Sub-Saharan Africa requires an estimated $2tn by 2030 to build climate resilience.
The impact of this financing gap is most acute at the intersection of gender and climate. Women constitute around 70% of smallholder farmers across the continent and face heightened climate risks, alongside persistent constraints in accessing climate-resilient technologies, inputs, and markets. Yet, only 3% of climate finance is specifically aimed at enhancing gender equality, despite women and girls bearing a disproportionate share of climate impacts.
When climate shocks occur, women-led households experience deeper disruptions and longer recovery periods. At the same time, these populations play a central role in climate adaptation and the adoption of resilient technologies.
Over the past decade, funds operating at the gender-climate nexus have become a distinctive feature of Africa’s investment landscape. Their trajectories demonstrate that integrating gender equity and climate action into investment strategies is not only feasible but increasingly common.
Blended finance has become a keystone for these funds at the nexus of gender and climate. It plays a dual, transformative role: both existential, by enabling such funds to emerge, and operational, by supporting the deployment of their investment and impact theses.
Importantly, the rise of blended finance over the last decade has already delivered substantial results. Many of the funds in our sample simply would not have launched, or would have achieved far narrower impact, without concessional capital.
Concessional support has enabled these managers to reach meaningful scale, operate in high-risk markets, and invest in women-led and climate- focused enterprises that commercial capital has historically overlooked.

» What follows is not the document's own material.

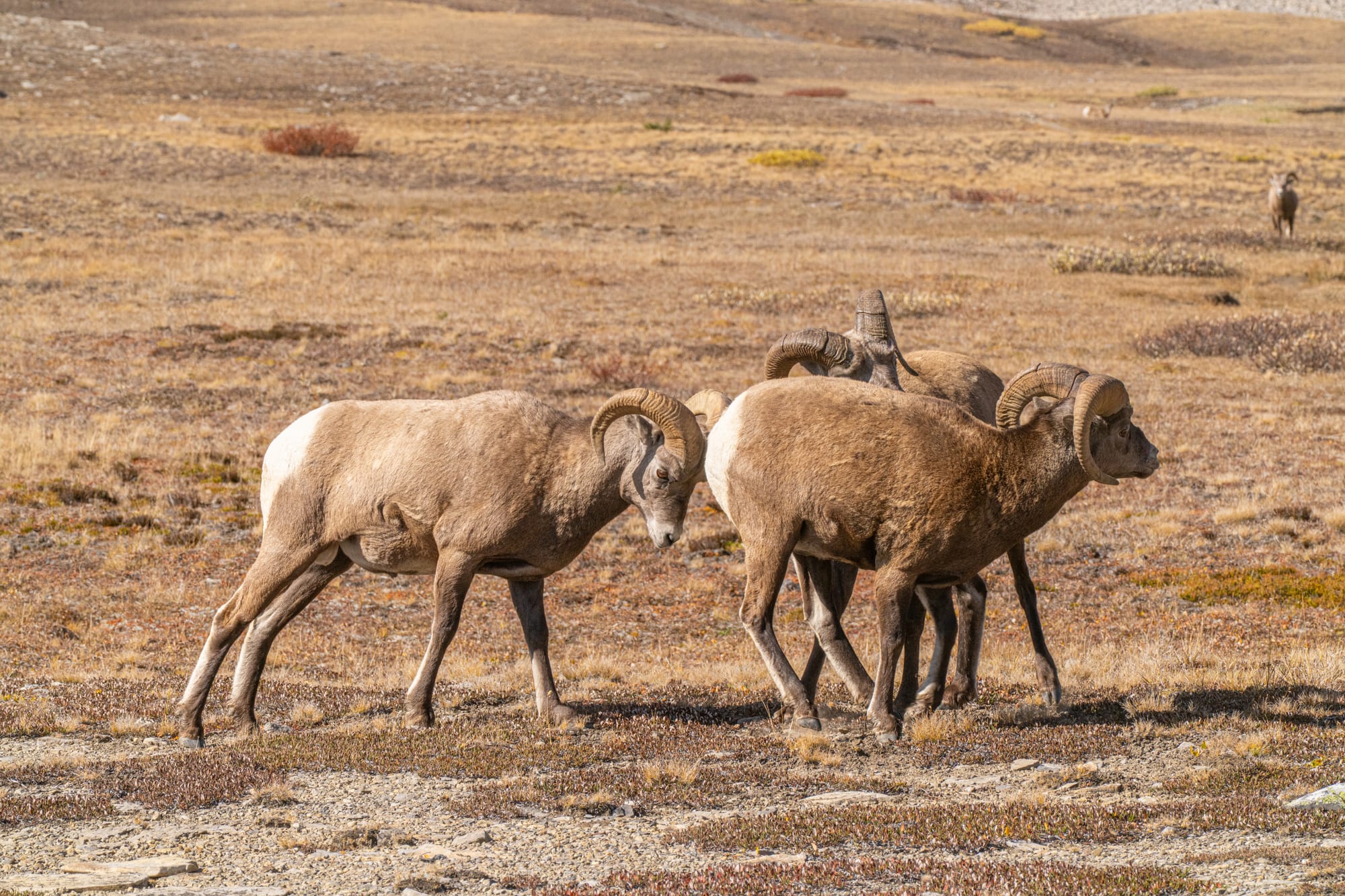 The interactions between three males is what led to the situation I mentioned at the start of the newsletter. In this case, I was with a well-known herd of males who are watched all day long by a steady stream of hikers. In general, people watch from a respectful distance, but this time it didn't matter because these three rams looked over and started quickly and repeatedly closing the gap, closely following people as they backed up step by step.

This success is precisely what now allows for a deeper diagnostic: with a decade of practical experience, the sector is mature enough to assess how blended finance is being deployed and identify pathways for even greater effectiveness.
To dive deeper, I&P Ecosystems, in partnership with the CC Facility Learning Hub, managed by Convergence and CPI, explored how blended finance transforms the trajectories of gender– climate nexus funds below $100m in size. Drawing on a comprehensive literature review, a database sample of 46 funds, three fund case studies and more than 30 interviews with fund managers and fund investors, the study highlights how fund managers and investors have leveraged blended finance mechanisms to unlock catalytic capital for the gender-climate nexus.